Houston writes: “Essentially, any blade server can have access to any [accelerator] device. The magic, though, is in the Liqid Command Center software, which orchestrates how the devices are divided up over [PCIe].”
Liqid’s Matrix software allocates accelerators to servers, with up to 20 GPUs allocated across the eight servers in any combination, even down to 20 GPUs to a single server.
Comment
It seems to us at Blocks & Files that this MX7000 architecture and Liqid partnership means that PCIe gen 5, twice as fast as PCIe gen 4, could be adopted, opening the way to CXL 2.0 and memory pooling.

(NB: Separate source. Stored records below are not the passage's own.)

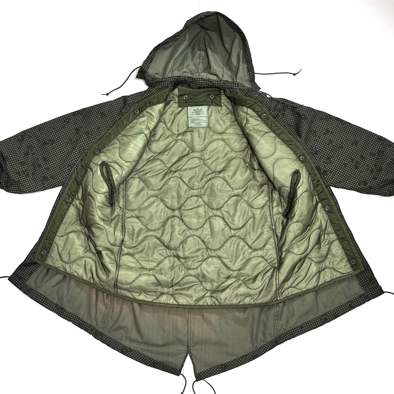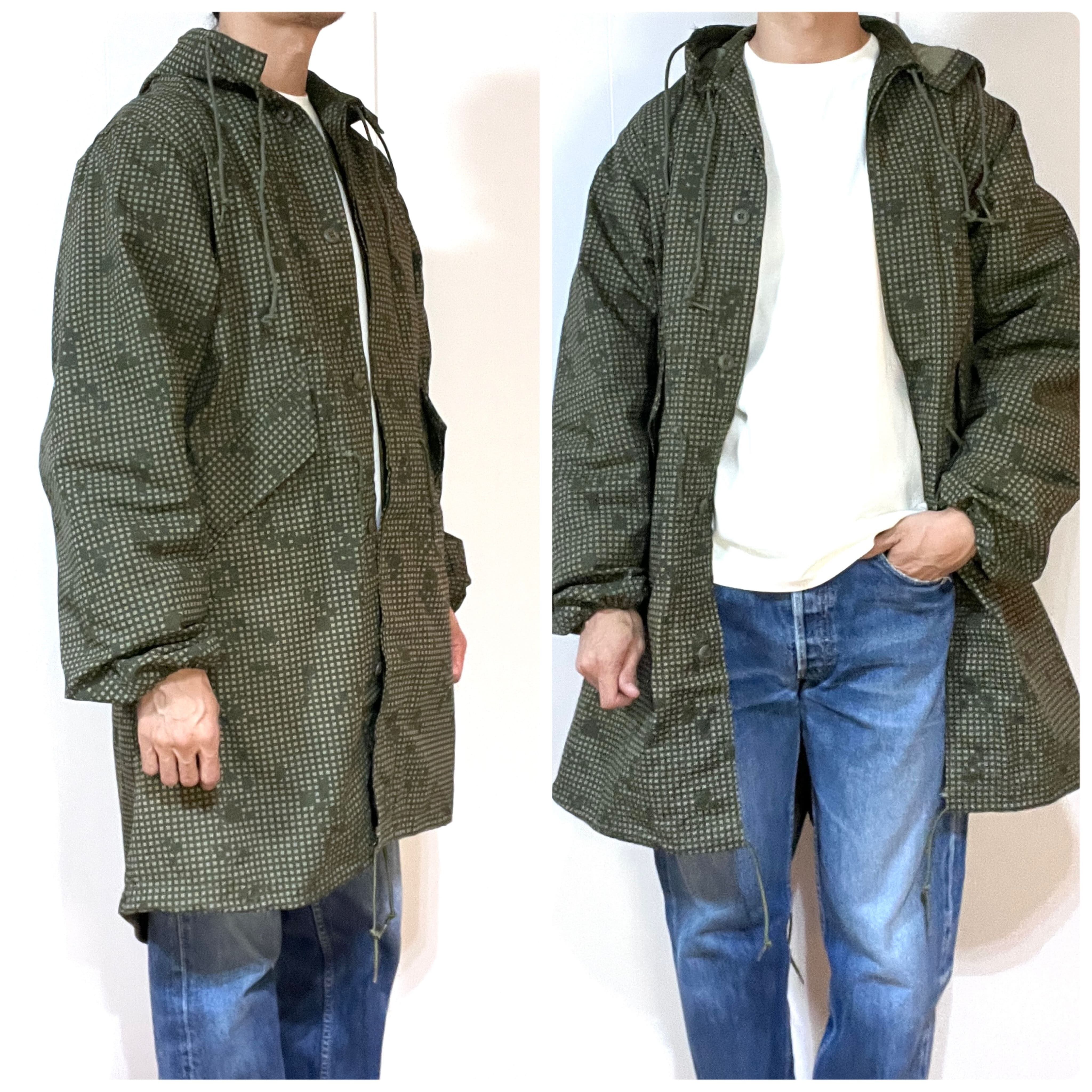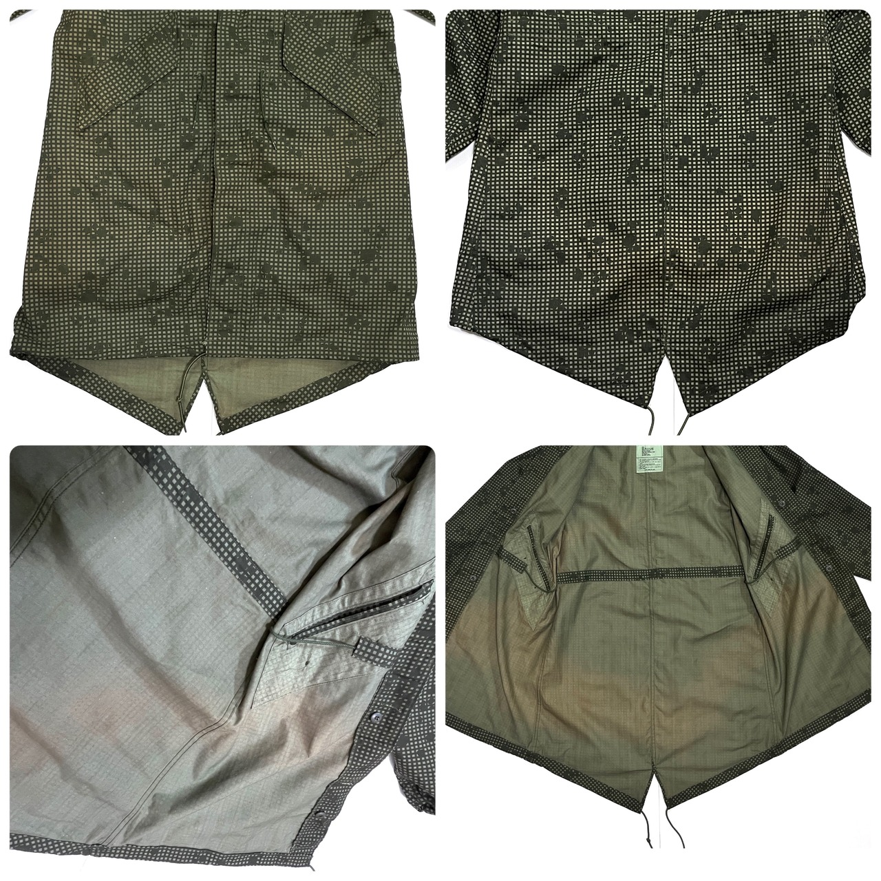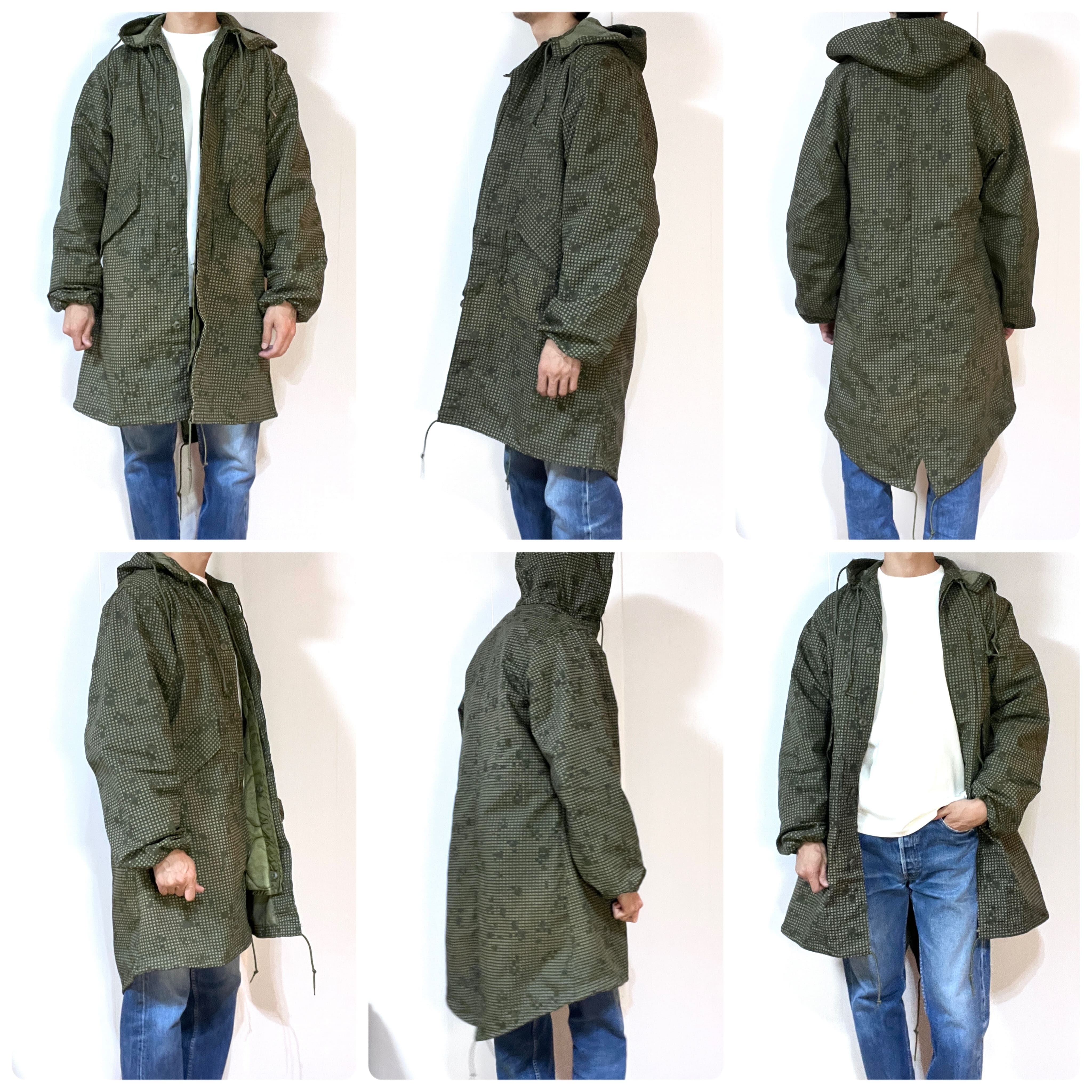 ・後ろの裾が長めのM-51やM-65モッズコートと同様のフィッシュテールのディテール、フロントは比翼ボタンの仕様、ライニングはボタンで着脱可能、オーバーコート仕様による貫通ポケット、シェルとライニングは年代も製造メーカーも同一の完品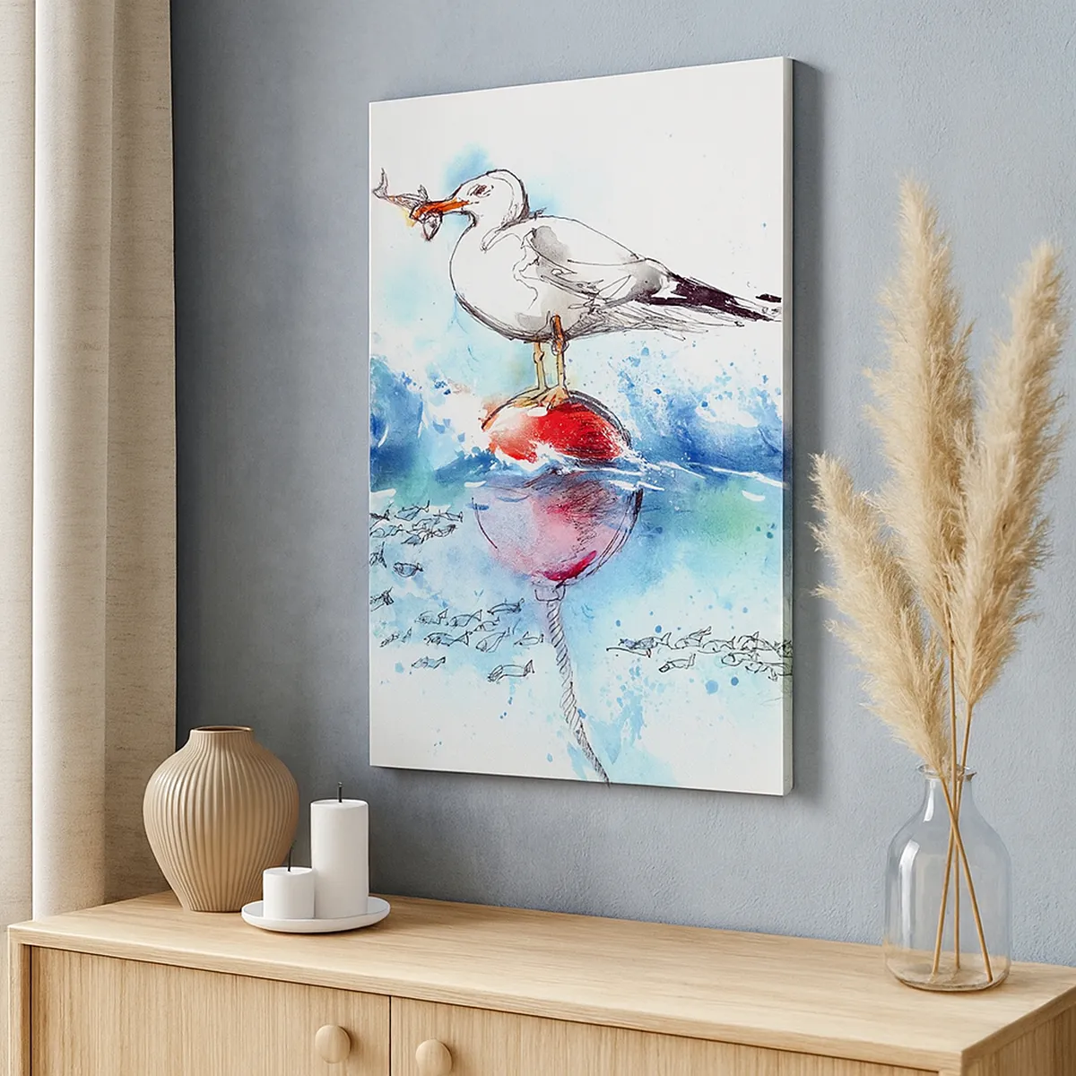 Impression sur toile - Image sur toile - Mouette sur une bouée avec des poissons en arrière-plan dans un style aquarelle - 50x70cm - Prise réussie - Décoration murale moderne pour le salon et la chambre ARTTOR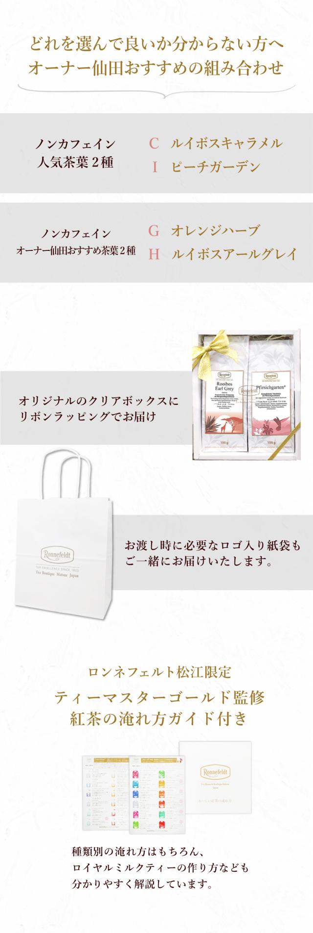 人気のノンカフェイン茶葉 9種類の中からお好きなものを2種類お選びいただけます。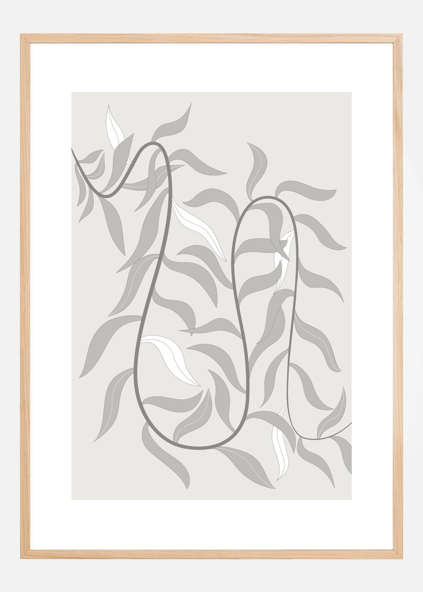 Un poster botanic abstract cu o viță de vie târâtoare care se încolăcește pe poster. Designul este într-un stil simplu de imprimare, cu frunze în gri deschis și alb. O viță de vie gri închis se încolăcește printre frunze și unește totul într-o formă serpuitoare. Combină cu un perete verde moale pentru a obține un efect de frunziș.

This would require Dell to equip the MX7000 with PowerEdge servers using Sapphire Rapids (Gen 4 Xen SP) processors – or PCIe gen 5-supporting AMD CPUs. Then Liqid will need a PCIe gen 5 HBA and switch. Once at this stage, it could provide CXL support and memory pooling with CXL 2.0.
When memory pools exist on CXL fabrics, composablity software will be needed to dynamically allocate it to servers. Suppliers like Dell, HPE, Lenovo, Supermicro etc. could outsource that to third parties such as Liqid or decide that the technology is core to their products and build it, acquire it or OEM it.
CXL memory pooling looks likely to be the boost that composability needs to enter mainstream enterprise computing and support use cases such as extremely large machine learning models. How the public cloud suppliers will use memory pooling, both internally and externally, as memory-pooled compute instances, is an interesting topic to consider.